Eliminerà la morte per sempre (Is 25,8)
Questa fotografia di gioia e di festa trova il suo significato più profondo nella salvezza compiuta, dopo lunga attesa e nel trionfo su tutte le paure, a partire da quella che, più di tutte, da sempre, attanaglia ed ottenebra il cuore dell’uomo, desideroso d’eternità, in costante contrasto con la sua natura mortale, ereditata dal suo essere animale.
Per questo, dopo l’ invito ad un banchetto di “vini eccellenti, di cibi succulenti, di vini raffinati”, Dio “asciugherà le lacrime su ogni volto”: potremmo pensare che si tratti di un diversivo, questo banchetto, non fosse per la precisazione precedente. Non è un’arma di distrazione di massa: prospetta la risoluzione, in positivo, del desiderio di felicità umano, dopo averne sconfitto i principali motivi di insoddisfazione e di tristezza.

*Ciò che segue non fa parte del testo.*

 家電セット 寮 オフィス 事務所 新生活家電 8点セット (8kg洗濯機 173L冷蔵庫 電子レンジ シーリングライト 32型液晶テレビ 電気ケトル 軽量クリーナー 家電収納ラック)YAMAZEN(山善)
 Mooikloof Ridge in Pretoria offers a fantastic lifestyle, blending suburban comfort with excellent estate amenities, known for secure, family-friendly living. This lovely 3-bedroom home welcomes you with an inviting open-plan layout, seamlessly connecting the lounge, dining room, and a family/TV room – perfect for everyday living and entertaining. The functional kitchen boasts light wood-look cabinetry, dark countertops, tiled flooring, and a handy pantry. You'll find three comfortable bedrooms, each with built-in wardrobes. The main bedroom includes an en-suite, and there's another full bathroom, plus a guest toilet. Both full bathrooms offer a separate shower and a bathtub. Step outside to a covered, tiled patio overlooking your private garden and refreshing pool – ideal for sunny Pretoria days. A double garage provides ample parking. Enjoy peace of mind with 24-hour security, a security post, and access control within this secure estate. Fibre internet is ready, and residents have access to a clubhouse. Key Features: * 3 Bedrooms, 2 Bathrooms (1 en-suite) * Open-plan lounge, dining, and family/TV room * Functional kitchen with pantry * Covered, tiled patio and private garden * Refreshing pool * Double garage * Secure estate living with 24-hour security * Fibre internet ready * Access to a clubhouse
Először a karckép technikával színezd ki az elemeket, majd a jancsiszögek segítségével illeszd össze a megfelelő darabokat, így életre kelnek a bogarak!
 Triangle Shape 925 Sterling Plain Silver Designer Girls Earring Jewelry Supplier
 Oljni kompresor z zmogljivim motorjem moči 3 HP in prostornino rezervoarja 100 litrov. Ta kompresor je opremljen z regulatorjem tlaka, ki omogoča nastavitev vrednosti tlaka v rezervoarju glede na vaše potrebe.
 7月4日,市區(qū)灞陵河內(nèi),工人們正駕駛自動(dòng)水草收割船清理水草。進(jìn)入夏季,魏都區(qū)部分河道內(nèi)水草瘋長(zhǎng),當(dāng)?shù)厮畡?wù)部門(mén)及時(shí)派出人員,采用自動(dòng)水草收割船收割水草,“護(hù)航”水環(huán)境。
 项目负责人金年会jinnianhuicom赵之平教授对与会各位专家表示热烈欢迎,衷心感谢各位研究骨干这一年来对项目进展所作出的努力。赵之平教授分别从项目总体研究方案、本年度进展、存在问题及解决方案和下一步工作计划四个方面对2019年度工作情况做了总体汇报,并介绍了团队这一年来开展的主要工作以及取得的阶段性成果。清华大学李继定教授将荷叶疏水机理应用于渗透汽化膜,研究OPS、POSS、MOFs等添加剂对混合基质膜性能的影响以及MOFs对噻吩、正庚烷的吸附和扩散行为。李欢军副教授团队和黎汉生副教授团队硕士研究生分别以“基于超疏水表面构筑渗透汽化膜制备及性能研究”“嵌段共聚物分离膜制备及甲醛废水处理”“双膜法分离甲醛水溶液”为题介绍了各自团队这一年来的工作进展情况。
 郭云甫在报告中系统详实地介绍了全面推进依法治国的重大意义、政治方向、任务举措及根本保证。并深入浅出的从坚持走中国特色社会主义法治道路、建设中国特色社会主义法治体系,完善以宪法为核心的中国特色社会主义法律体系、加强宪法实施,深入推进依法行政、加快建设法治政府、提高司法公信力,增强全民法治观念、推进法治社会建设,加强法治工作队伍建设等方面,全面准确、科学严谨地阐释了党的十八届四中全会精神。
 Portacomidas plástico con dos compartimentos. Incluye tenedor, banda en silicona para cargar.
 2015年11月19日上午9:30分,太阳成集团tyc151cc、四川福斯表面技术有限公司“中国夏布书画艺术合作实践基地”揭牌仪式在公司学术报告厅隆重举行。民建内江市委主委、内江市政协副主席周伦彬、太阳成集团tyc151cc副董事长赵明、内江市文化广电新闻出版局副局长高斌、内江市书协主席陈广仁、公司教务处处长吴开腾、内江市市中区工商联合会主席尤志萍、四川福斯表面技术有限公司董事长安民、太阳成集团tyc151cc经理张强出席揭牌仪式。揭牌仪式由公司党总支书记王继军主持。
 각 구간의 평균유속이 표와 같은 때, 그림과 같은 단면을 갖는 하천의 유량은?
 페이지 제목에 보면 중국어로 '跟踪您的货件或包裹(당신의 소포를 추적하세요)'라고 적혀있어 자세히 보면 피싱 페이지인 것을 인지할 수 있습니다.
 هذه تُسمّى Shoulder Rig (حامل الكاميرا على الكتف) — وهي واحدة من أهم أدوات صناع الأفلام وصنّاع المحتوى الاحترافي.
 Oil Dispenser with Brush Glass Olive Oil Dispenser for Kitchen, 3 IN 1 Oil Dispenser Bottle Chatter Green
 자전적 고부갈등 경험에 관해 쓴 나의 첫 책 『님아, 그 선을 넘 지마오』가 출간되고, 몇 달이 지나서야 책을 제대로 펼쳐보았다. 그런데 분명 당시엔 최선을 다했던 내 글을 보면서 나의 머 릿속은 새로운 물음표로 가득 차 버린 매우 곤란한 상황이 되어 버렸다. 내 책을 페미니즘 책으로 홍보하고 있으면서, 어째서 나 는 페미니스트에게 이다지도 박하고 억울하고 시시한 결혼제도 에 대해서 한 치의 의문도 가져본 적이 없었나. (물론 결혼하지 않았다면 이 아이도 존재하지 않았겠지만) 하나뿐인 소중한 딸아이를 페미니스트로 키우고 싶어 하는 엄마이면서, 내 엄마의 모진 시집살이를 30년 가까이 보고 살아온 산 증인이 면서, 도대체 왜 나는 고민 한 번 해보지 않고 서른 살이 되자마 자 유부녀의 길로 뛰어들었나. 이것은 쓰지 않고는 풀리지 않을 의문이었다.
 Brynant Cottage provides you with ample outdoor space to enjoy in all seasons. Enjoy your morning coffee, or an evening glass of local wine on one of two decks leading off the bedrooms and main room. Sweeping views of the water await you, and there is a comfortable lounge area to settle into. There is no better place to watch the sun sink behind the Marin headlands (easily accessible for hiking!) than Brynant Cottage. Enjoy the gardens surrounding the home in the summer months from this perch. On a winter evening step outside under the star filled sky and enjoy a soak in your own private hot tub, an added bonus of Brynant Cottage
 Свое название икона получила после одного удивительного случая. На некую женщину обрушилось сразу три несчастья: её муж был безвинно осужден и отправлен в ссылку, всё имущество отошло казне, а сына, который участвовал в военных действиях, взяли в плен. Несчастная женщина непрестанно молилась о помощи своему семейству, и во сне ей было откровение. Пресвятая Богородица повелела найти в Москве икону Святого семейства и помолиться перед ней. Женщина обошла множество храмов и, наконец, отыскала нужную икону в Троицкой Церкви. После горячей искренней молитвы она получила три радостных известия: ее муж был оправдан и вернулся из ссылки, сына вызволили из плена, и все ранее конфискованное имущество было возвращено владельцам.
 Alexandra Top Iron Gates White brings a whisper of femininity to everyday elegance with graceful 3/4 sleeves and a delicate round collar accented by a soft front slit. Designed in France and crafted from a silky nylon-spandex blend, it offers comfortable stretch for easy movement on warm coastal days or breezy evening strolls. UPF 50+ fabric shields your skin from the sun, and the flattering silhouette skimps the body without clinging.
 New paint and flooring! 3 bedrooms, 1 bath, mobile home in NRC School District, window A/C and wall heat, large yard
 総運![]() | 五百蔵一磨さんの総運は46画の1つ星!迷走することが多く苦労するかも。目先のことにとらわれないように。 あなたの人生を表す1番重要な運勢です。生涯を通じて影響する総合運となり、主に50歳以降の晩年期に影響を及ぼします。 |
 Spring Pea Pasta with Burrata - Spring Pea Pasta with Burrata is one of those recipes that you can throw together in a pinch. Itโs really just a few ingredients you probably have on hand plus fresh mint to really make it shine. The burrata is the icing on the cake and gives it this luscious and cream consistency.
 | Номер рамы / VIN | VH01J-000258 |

Nella seconda lettura, san Paolo porta alla nostra attenzione la figura di Abramo. Per noi cattolici, che celebriamo la memoria di tutti i Santi – e, più ancora – per il popolo d’Israele, i patriarchi e Abramo in particolare sono come stelle, nel nostro cammino. Forniscono cioè un indirizzo, oltre che un modello. Non sono “specchio di perfezione”, in senso stretto (solo Cristo è l’Uomo Perfetto): tuttavia, proprio nelle loro incongruenze ed imperfezioni, ci incoraggiano verso una santità possibile, costruita nel quotidiano, con la certezza che la vera gioia, quella di cui è possibile vivere la pienezza scevra dell’insoddisfazione del finito che sperimentiamo sulla Terra, è di là da venire: sospirata, desiderata, non attuata nel presente, ma attuabile solo tramite la paziente costruzione che, proprio nel presente, avviene. È qui ed ora che costruiamo le condizioni necessarie a farci assaporare la gioia vera, tramite il desiderio, la conoscenza e l’edificazione nel bene di noi stessi e delle persone che ci sono affidate.
Anche nel Vangelo, troviamo un banchetto: in forma di parabola, Gesù ci racconta di un invito a nozze, che un re manda, in onore delle nozze del proprio figlio. L’entusiasmo è alle stelle e noi percepiamo come davvero il sovrano ci tenga a vedere la propria festa riuscita, piena di invitati che accorrano e si divertano, al proprio palazzo, tra canti e danze, così da condividere un momento di gioia, tutti assieme. Pare però che lo stesso entusiasmo non sia condiviso da chi riceve l’invito. Ognuno trova una scusa, un alibi per non presentarsi, come capita per quegli inviti a matrimoni in cui dovremmo andare a condividere gioie che non sentiamo davvero nostre, ma sembrano pura formalità, dovute a conoscenze superficiali. Vediamo una reazione molto vendicativa del re, che distrugge gli averi ed uccide quelli che aveva inizialmente pensato di invitare. Placata l’ira, però, pare quasi aumentare la volontà di far festa del re, che prende una decisione abbastanza insolita, invece che trasformarla in una festa d’élite, la estende, paradossalmente, a chiunque, senza la minima selezione («tutti quelli che trovarono»), quasi che una simile scelta costituisse una ancora peggior ripicca rivolta a chi ne aveva rifiutato l’invito.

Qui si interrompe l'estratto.